Короче, завязался роман. Первое, что сделал Синявский, он честно мне сказал, что женат и свою жену никогда не бросит.

2.jpg
Андрей Синявский
Я провела потрясающий 55-й год в объятьях Синявского. Я стала заманивать его в свои сети. Раз этот человек мне нужен, тогда мы ему подарим Переславль-Залесский, мы подарим ему прогулку на купола Василия Блаженного, другие свои сокровища. Синявский доблестно со мной туда-сюда лазил и очень всем этим обольщался. Но одну вещь всё-таки люди делают поврозь, в каких бы близких отношениях они ни были. Потому что Новый год – это праздник сугубо домашний и семейный.

И вот когда приближался новый, 56-й год, я стала понемножку впадать в тоску: что мне делать в новогоднюю ночь, если рядом нет любимого мужчины. И маленькая моя дружеская компания утащила меня в Таллин. Так прошёл первый Новый год – с Синявским и без Синявского.

С Синявским, в конце концов, мы любой Новый год встречали только вдвоём. Мы никуда не ходили. Особенно когда к нашей компании прибавился третий, а именно Абрам Терц. Мы составили это своё трио и уже поняли, что далеко не каждый год у нас будет вместе. Выпивали за то, что в этот год пронесло, ничего не случилось. Живём до следующего Нового года.

           

«Говорят, арестован лучший парень за три слова»

Итак, идёт 1955 год. Приближается 8 октября – день рождения Синявского.

И встаёт вопрос, что бы такое Синявскому подарить.

Я обожала газеты, причём, чем старше газета, тем она становится интересней. В 53-м году я сделала замечательную подборку про «врачей-убийц». И я решила Синявскому вот эту папочку подарить. В день рождения не я к нему пришла, а он ко мне, ведь у него там семья, и я вручаю ему подарочек. Открывает Синявский папку, у него выкатываются глаза, и он задаёт мне дурацкий вопрос: «Откуда ты про это знаешь?» – «Про что именно?» – «Откуда ты знаешь, что я про это пишу?» И вот тут-то он мне рассказал, что начал писать произведение, которое потом назовёт «Суд идёт». Это его первая вещь, отправленная в загранку.

Ну тут уж пошла жизнь невероятно интересная. Я просто своими грубыми ногами вступила в настоящий детектив, ведь если человек пишет на эту тему, то сочинение это печатным быть не может. Синявский начал мне читать куски, и было ясно, что это сугубо между нами и никому больше мы ничего не скажем.
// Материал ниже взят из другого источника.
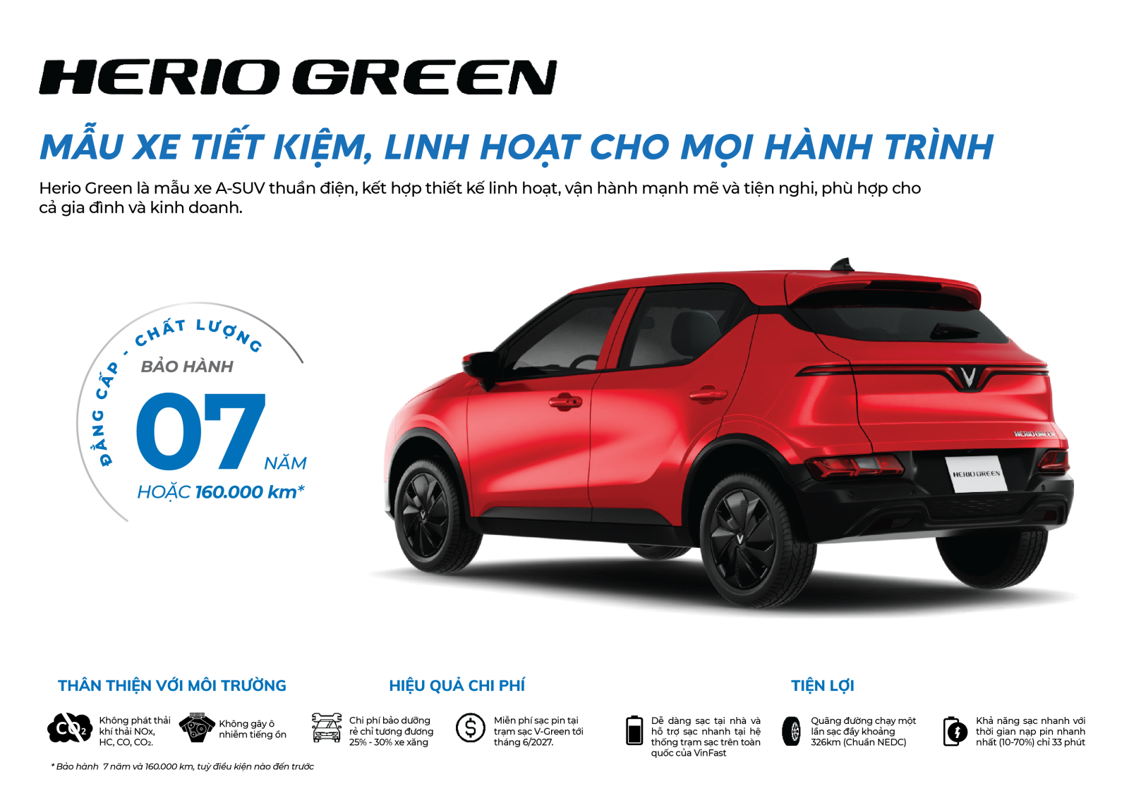 Herio Green là mẫu xe A-SUV thuần điện, kết hợp thiết kế linh hoạt, vận hành mạnh mẽ và tiện nghi, phù hợp cho cả gia đình và kinh doanh.

Откуда всё-таки взялся Абрам Терц? Красивый псевдоним это было не для Синявского. А мы с ним очень любили блатные песни, и собирали их, и пели друг другу, у нас была хорошая коллекция этих самых песен. Недаром всё-таки Высоцкий слегка вырос в нашем доме, он был студентом Синявского по Школе-студии МХАТ.

И вот одна из песен, которую мы часто пели, начиналась так: «Абрашка Терц, карманщик всем известный…»

Кстати, о Высоцком. Когда их курс сдал экзамены, их компания подошла к Синявскому и сказала: «Андрей Донатович, мы слышали, что вы любите блатные песни, позовите нас в гости…»

И вот явилась компания, и целый вечер они нам пели. Высоцкий ещё своих песен не писал, пел только блатные. Я бегала, как угорелая кошка, по Москве, одалживала деньги, чтобы купить магнитофон. Мне страшно захотелось их записать, а мы были достаточно нищие с Синявским. Короче говоря, жуткая такая бандура «Днепр-5» за какие-то бешеные для нас по тем временам деньги была куплена исключительно ради Высоцкого и его компании.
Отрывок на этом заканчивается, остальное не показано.